Mara Escalante (born Reyna Margarita Chávez Escalante, January 4, 1968) is a Mexican actress, comedian and singer, best known as the star of the Televisa sitcom María de todos los Ángeles, in which she portrays three roles, including the title role. Escalante's career dates to the mid-1990s.

A native of Mexico City and an UNAM and Instituto Andres Soler alumna, Escalante first received international fame as a stand-up comedian, developing such characters as "Nancy Aerobics", "Chu-Ly (La Princesa Dragon)", "Dona Lucha" and "Liboria", a female police officer.

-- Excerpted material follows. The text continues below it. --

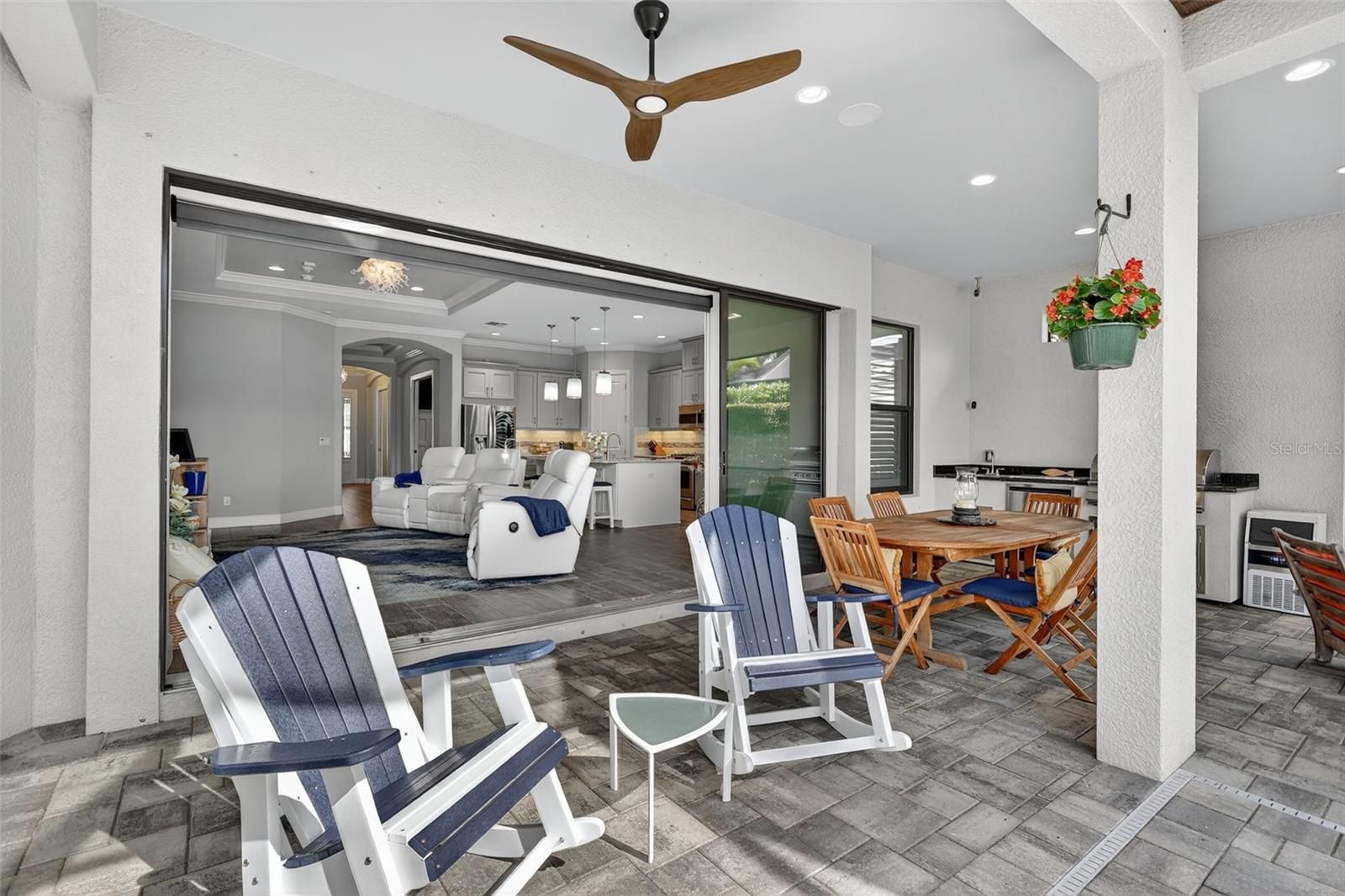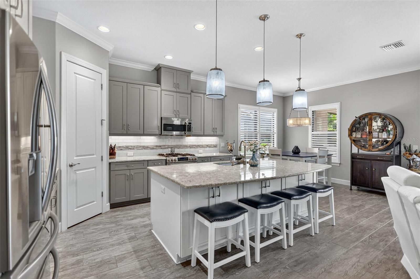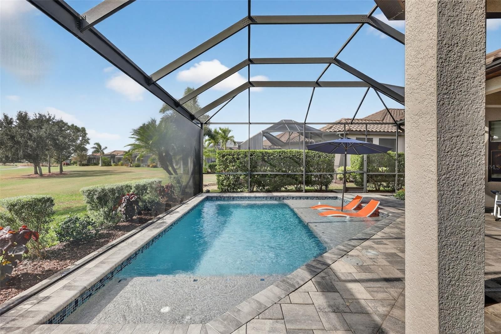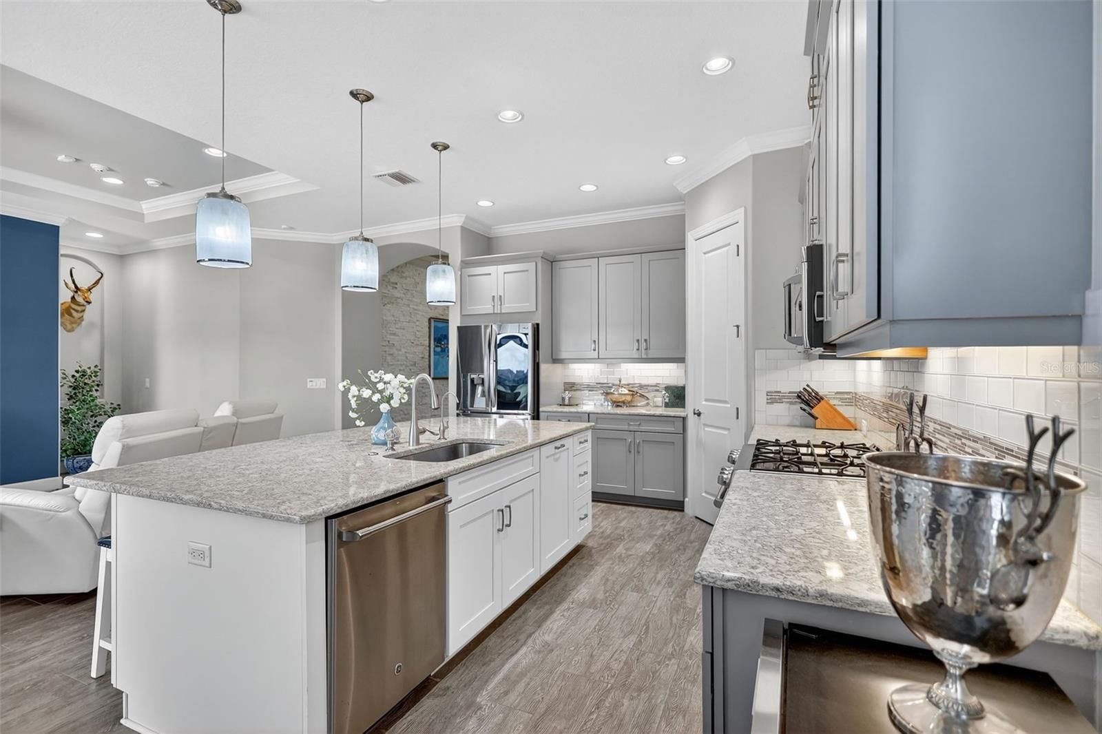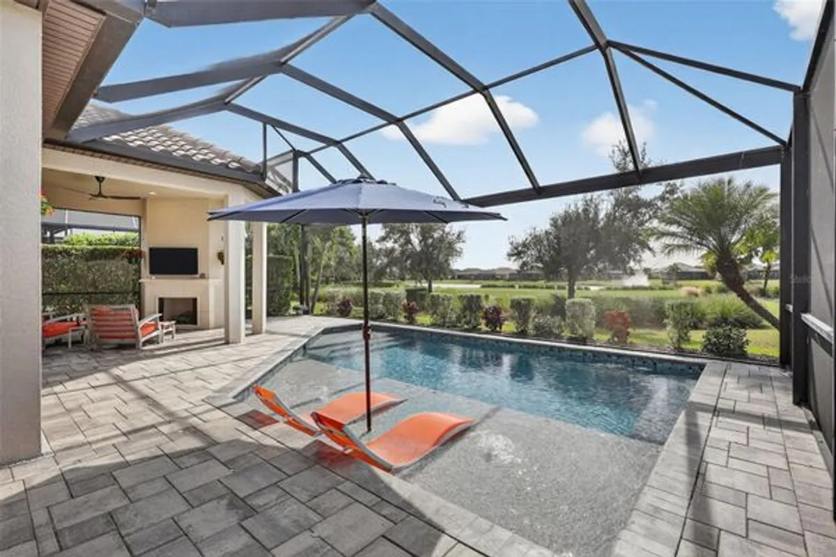 Welcome to this stunning detached golf and pool home in the sought-after Esplanade Golf and Country Club community, offering resort-style living at its finest. Situated on a premium lot, this delightful home boasts a serene water and fairway view from its extended lanai with a fireplace, where you can relax and soak in the beautiful Florida sunshine. Inside, you will find the Farnese plan, a spacious and open floor plan with approx. 2100 sq ft on one level, 2 ensuite bedrooms, and two flex rooms and 2.5 baths and a rare 3 car tandem garage. The gourmet kitchen is a chef's dream, with customized pull-out drawers and 42” cabinets with soft close drawers that offer ample storage space for all your cooking needs. Notice the Quartz counters and GE café series appliances. The interior of the home features 12’high ceilings, including tray ceilings with custom molding’s and built-ins. The generous owner’s suite features bay windows with a serene golf view. The master bath boasts a corner shower, dual sinks & quartz countertops & expansive closet with built-ins. The spacious laundry room has a utility sink and washer and dryer and lots of cabinets. This home also offers a newer HVAC system, upgraded lighting, water softener, tankless water-heater, radiant barrier in the attic. Along with a home warranty for the buyer and part of the CDD paid off. Lounge in your pool in this extended lanai with a panoramic screen and summer kitchen. This special home is located on the 9th hole. This is a golf deeded FULL GOLF MEMBERSHIP maintenance free home offering 18-hole championship golf course for two members. Living in Esplanade is like being on vacation every day. The community is built around healthy living and living well with unlimited exercise and social options. Esplanade offers a wide array of amenities and activities such as an 18-hole championship golf course, two resort pools, hot tubs, resistance pool, pickleball, tennis, bocce ball, two fitness centers, exercise classes, two dog parks, playground, firepit, spa/salon, an on-site lifestyle director, social events, and various clubs. The state-of-the-art Culinary Center offers residents several dining options such as the Barrel House Bistro, Bahama Bar, as well as catering services, wine tastings, and special events. Esplanade is located in the heart of Lakewood Ranch, close to I-75, Lakewood Ranch Main St., University Town Center, Sarasota Polo Club, shopping, dining, entertainment, hospitals, cultural attractions, boating, parks, and Florida’s famous sandy beaches.

Her international appeal took her from several Televisa series such as Humor es...los comediantes, Al ritmo de la noche, Al fin de semana and Otro rollo to television programs in other Spanish-speaking countries, including the Venezuelan talk show Viviana a la medianoche as well as a TV special in Spain. Most of her Televisa appearances, as well as her appearance on Viviana a la medianoche, have been broadcast on the Univision network in the United States. In 2008, she joined the Televisa team at the Beijing Olympics, performing comedy during network coverage, thus making her the first Mexican comic to visit China. She has also performed in the United States and other Latin American countries.

In 2009, she starred in her own television series, María de todos los Ángeles, which is based on another character she created as a stand-up comedian. The series has been shown on Televisa's Canal de las Estrellas and on Univision.

In 2010, she performed comedy during the Televisa coverage of the 2010 FIFA World Cup in South Africa.

Although Escalante still works in Mexico City, she now lives in Veracruz.

In 2025, Escalante created and starred in the sitcom Muero por Marilú.